Implant Supported Bridge
Instead of using existing teeth to support a bridge, a dental implant may be substituted to provide support for one or both sides of a dental bridge. This is a popular option that can provide a very secure restoration. This solution is particularly helpful when there are several adjacent missing teeth.
Maryland Bridge
This type of bridge is supported by a metal structure which is cemented onto the back of existing teeth. While not as strong as a traditional bridge, it can preserve the tooth structure of the adjacent teeth by avoiding the use of crowns for the abutments. It may not stay in place when heavy forces are placed on the restoration (such as biting and chewing) and does add pressure to the supporting teeth.
Cosmetic Bonding
Cosmetic bonding is the process of filling or restoring teeth with a tooth-colored material in order to improve a tooth’s appearance. In order to bond a tooth, composite material is added to the tooth structure to adjust the size, shape, or color of the existing tooth.
Cosmetic bonding is the process of applying a tooth-colored composite material to the tooth in order to improve the aesthetics of the smile while allowing the tooth to maintain a natural appearance. In order to bond a tooth, tooth colored material is added to the tooth to build it up.
Bonding is often used to:
- Correct the shape of a chipped tooth
- Correct the appearance of a cracked tooth
- Provide more even tooth color
Advantages of bonding over other treatments include:
- Bonding can be a less expensive treatment than other cosmetic options
- An appointment for bonding treatment usually takes less than one hour to complete
- Bonding usually allows the tooth’s structure to be preserved
Bonding may sometimes be preferred over veneers or crowns but may not be as long-lasting or durable. Bonding material can stain from coffee, tea, tobacco or some foods so proper home care is important.
Composite Fillings
Composite fillings use tooth-colored material to restore teeth with cavities and maintain a natural appearance. Once the decay is removed, the tooth is filled with a composite material which is then cured using a specialized light to harden the material. Composite fillings can be completed in one visit.

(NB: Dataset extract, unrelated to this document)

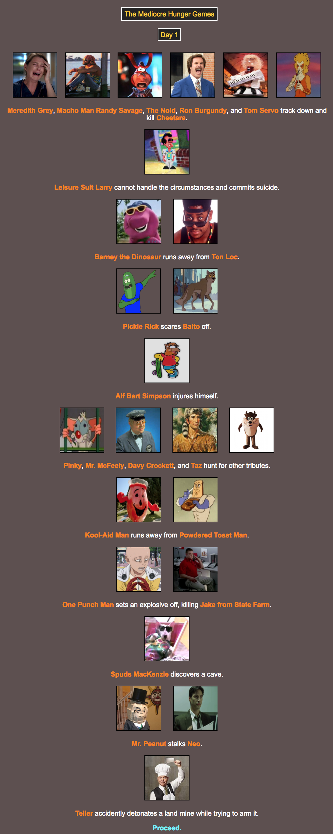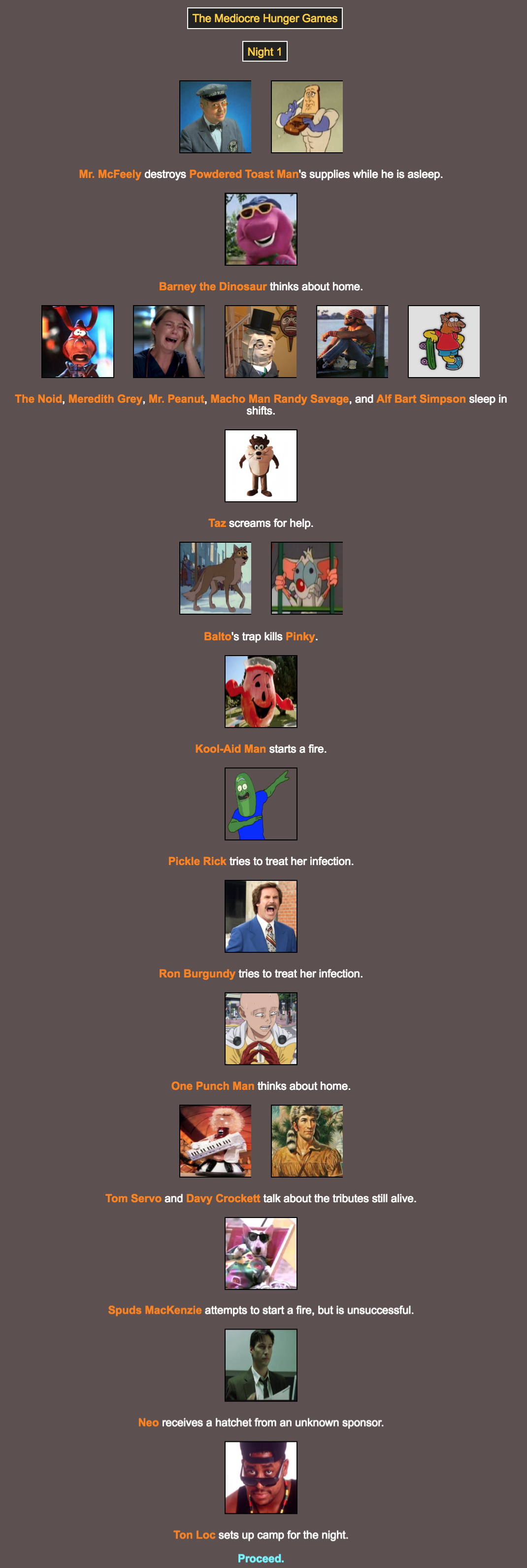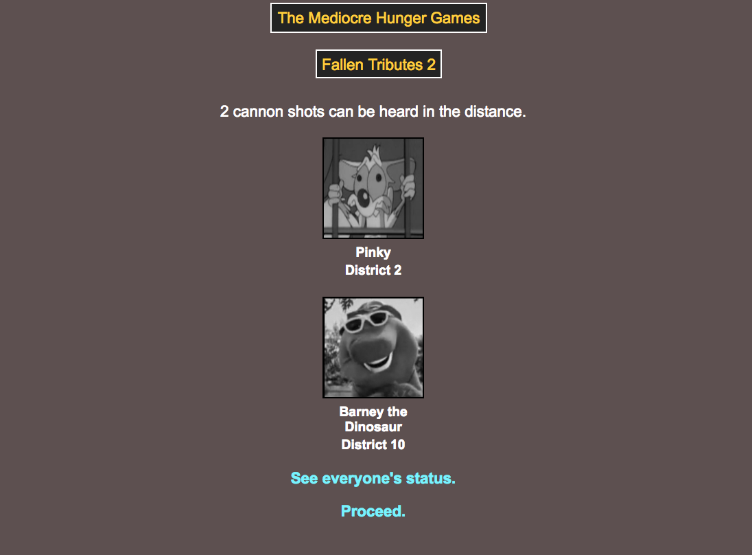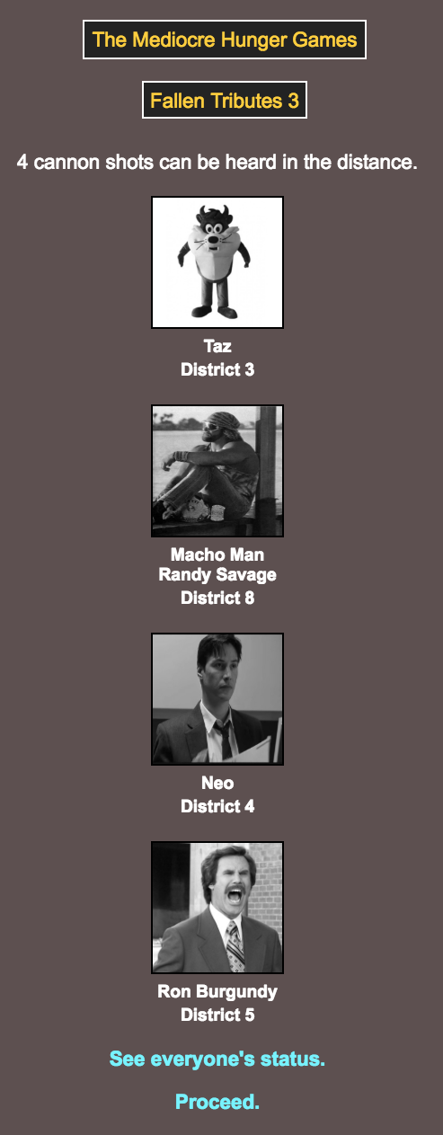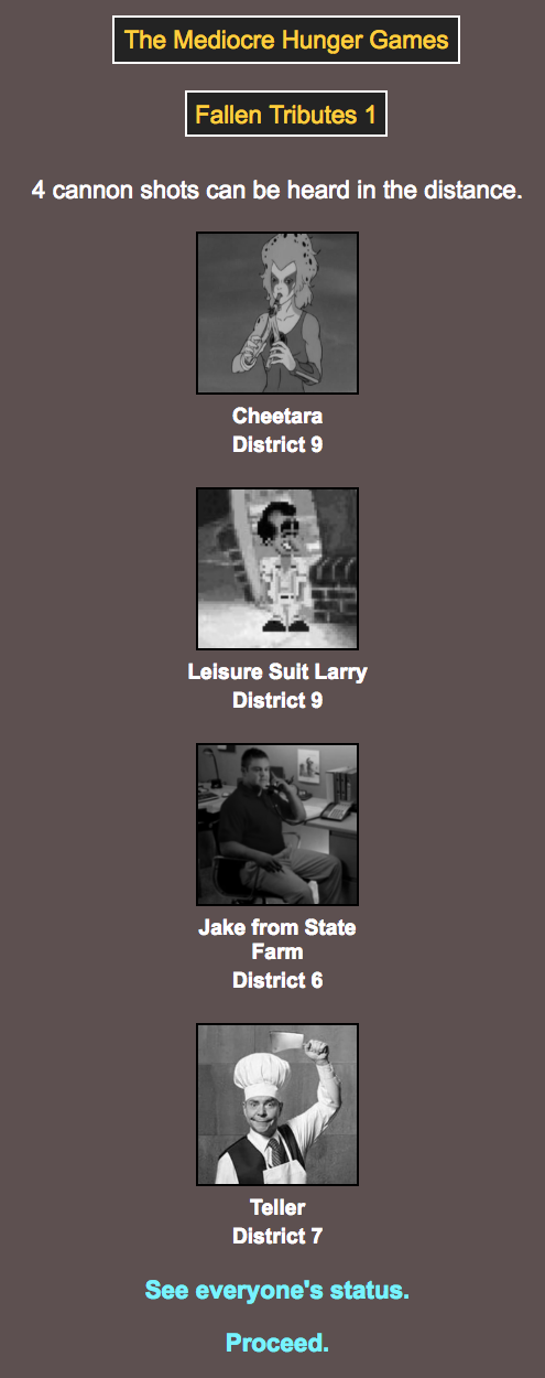 The citizens of Mediocre have chosen their champions, and I am pleased to announce the start of the Mediocre Hunger Games!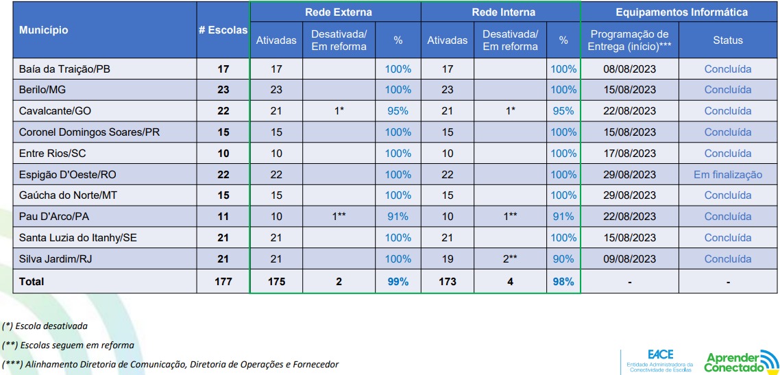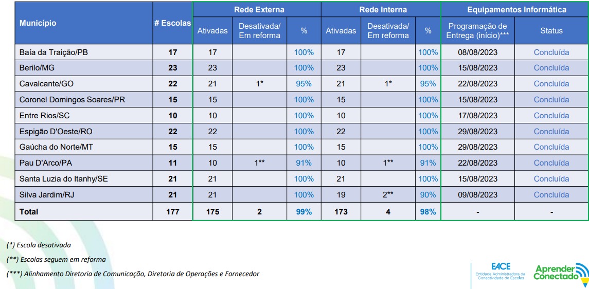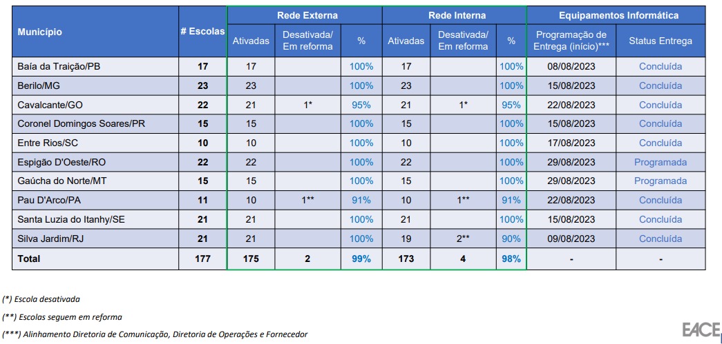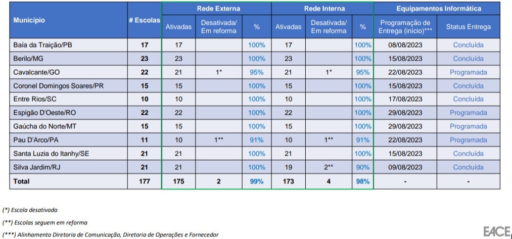 Informações sobre o Grupo de Acompanhamento do Custeio a Projetos de Conectividade de Escolas.

Identifying and addressing cavities early can prevent the need for more complex and costly dental procedures. If cavities are found before there has been significant decay, the tooth can be restored with a filling.

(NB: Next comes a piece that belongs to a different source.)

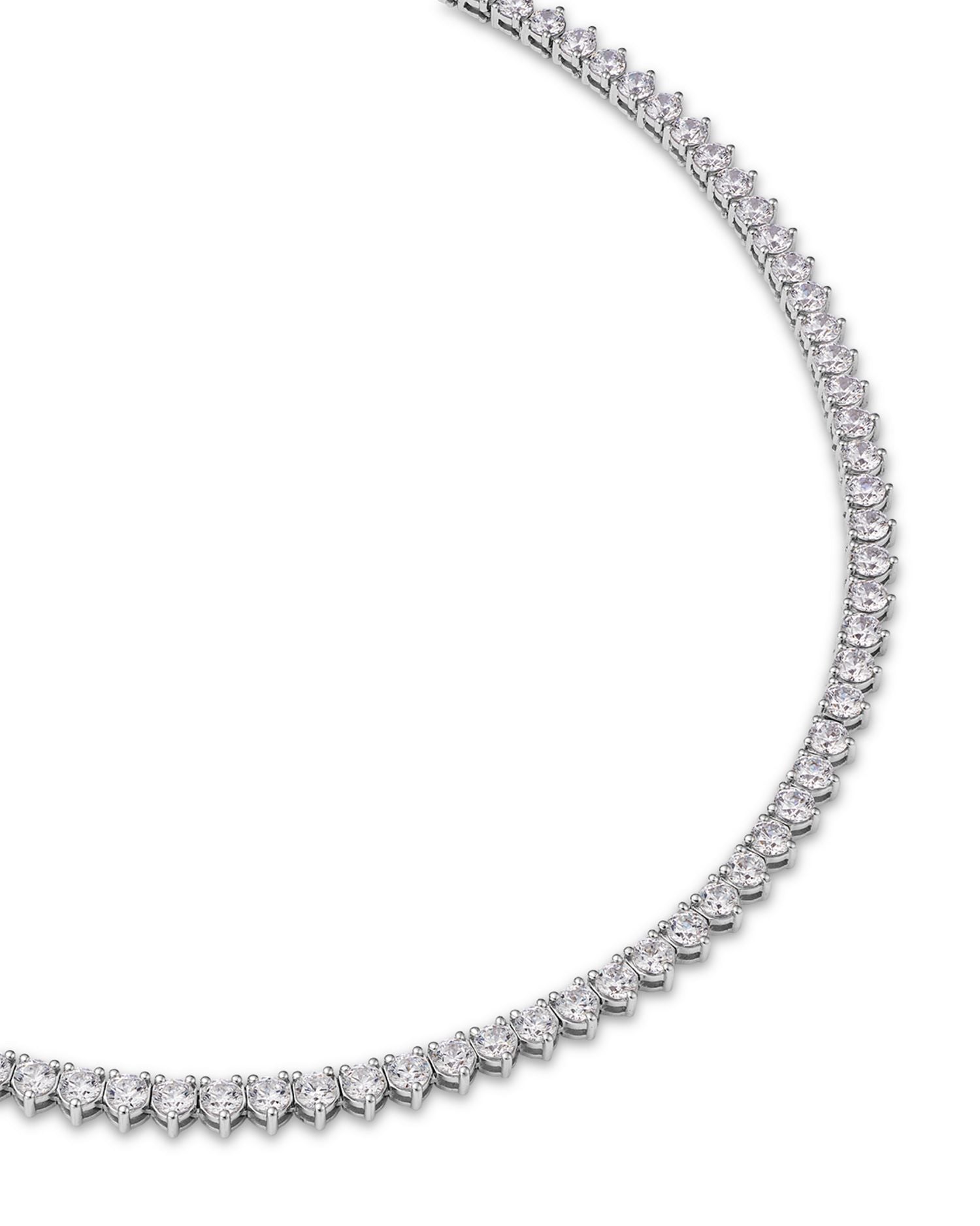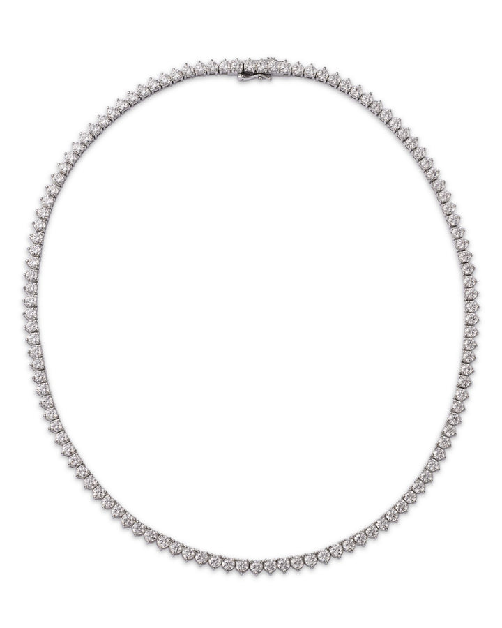 Handcrafted in 14K white gold with 15 ct. t.w. certified diamonds (color/clarity: F/I1). Length: 16.2' with box lock clasp closure. All gemstone carat weights (ct. t.w.) are approximate, with variance of 0.05 carat. White gold is surface-coated with rhodium to enhance metal color and shine; it may wear off over time requiring replating.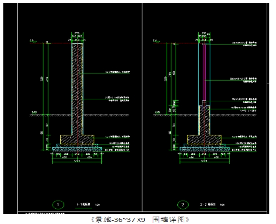65.室外景观工程《景施-36~37 X9 围墙详图》基础做法与《景观-结构》做法不一致,结构图只有1-1剖面有带型基础,但根据建施图可以看出2-2剖面也是有带型基础的,且基础应该是通长的 请明确?

Once a tooth has a cavity, the decay will continue to spread unless the decayed area is removed and the tooth is properly restored. Leaving cavities untreated can lead to the need for more significant restorative procedures such as crowns, bridges, root canals, or dental implants.

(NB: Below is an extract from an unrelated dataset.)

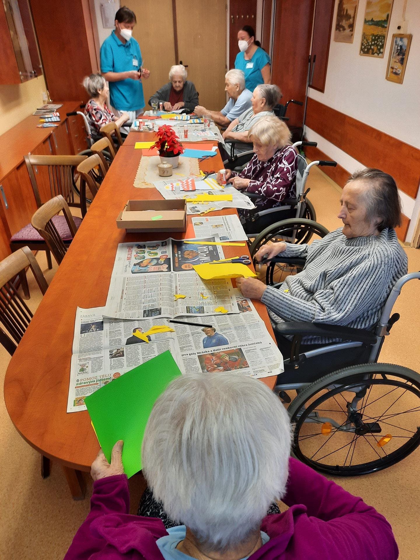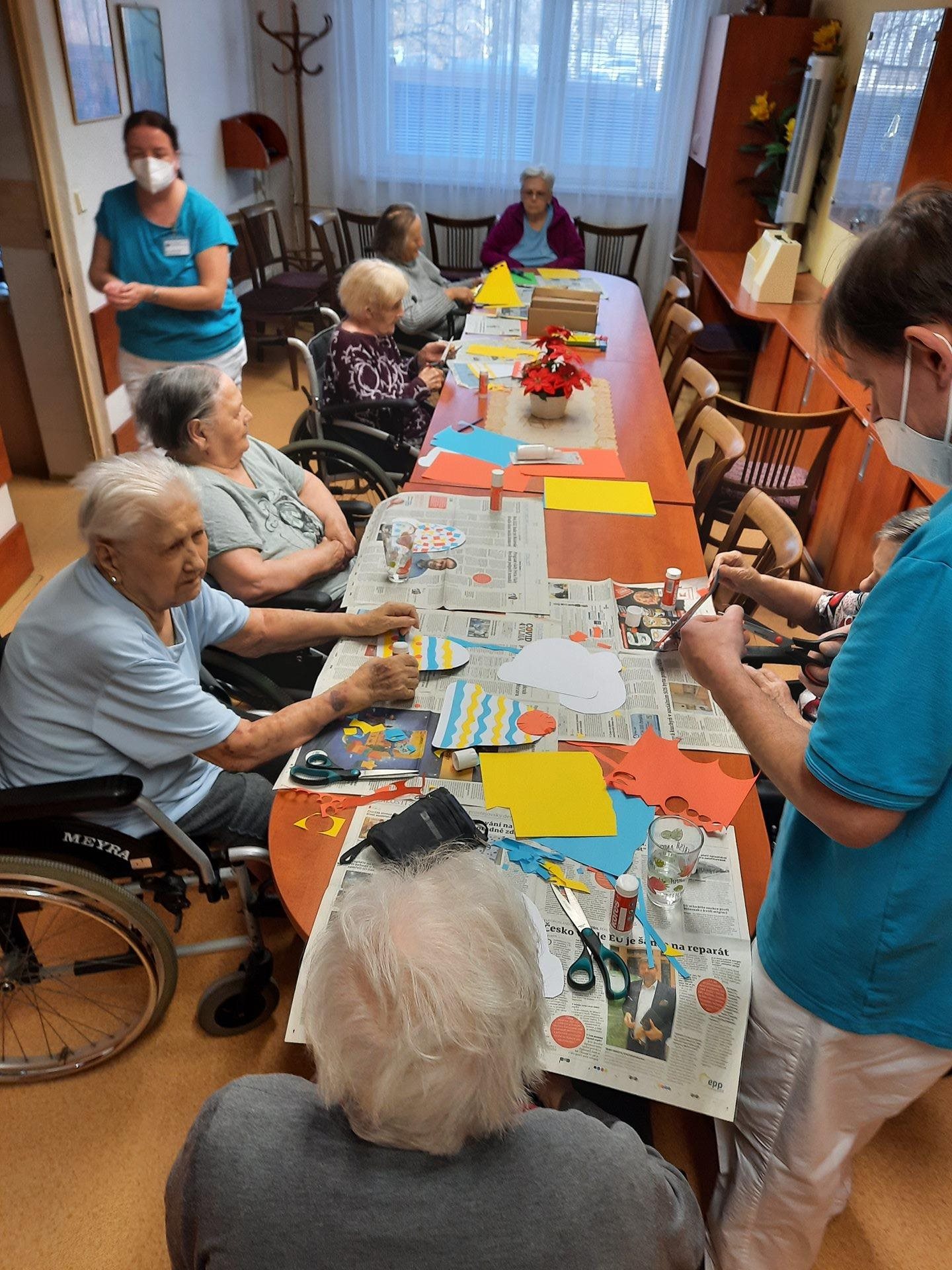 Krásné čepice pro děti ,které se účastní projektu MEZI NÁMI ,vyráběly naše seniorky s láskou.

While metal (amalgam) fillings used to be common, tooth-colored composite material is now the most recommended filling material. The composite material blends in with the natural tooth and is less noticeable than a metal filling. The tooth-colored filling is not as affected by heat and cold as the metal fillings, so the patient is less likely to experience temperature-related sensitivity.
Another important reason composite fillings have replaced amalgam fillings is that they do not use mercury, which was present in metal fillings. Many patients are choosing to have their older amalgam fillings replaced with tooth-colored fillings for this reason.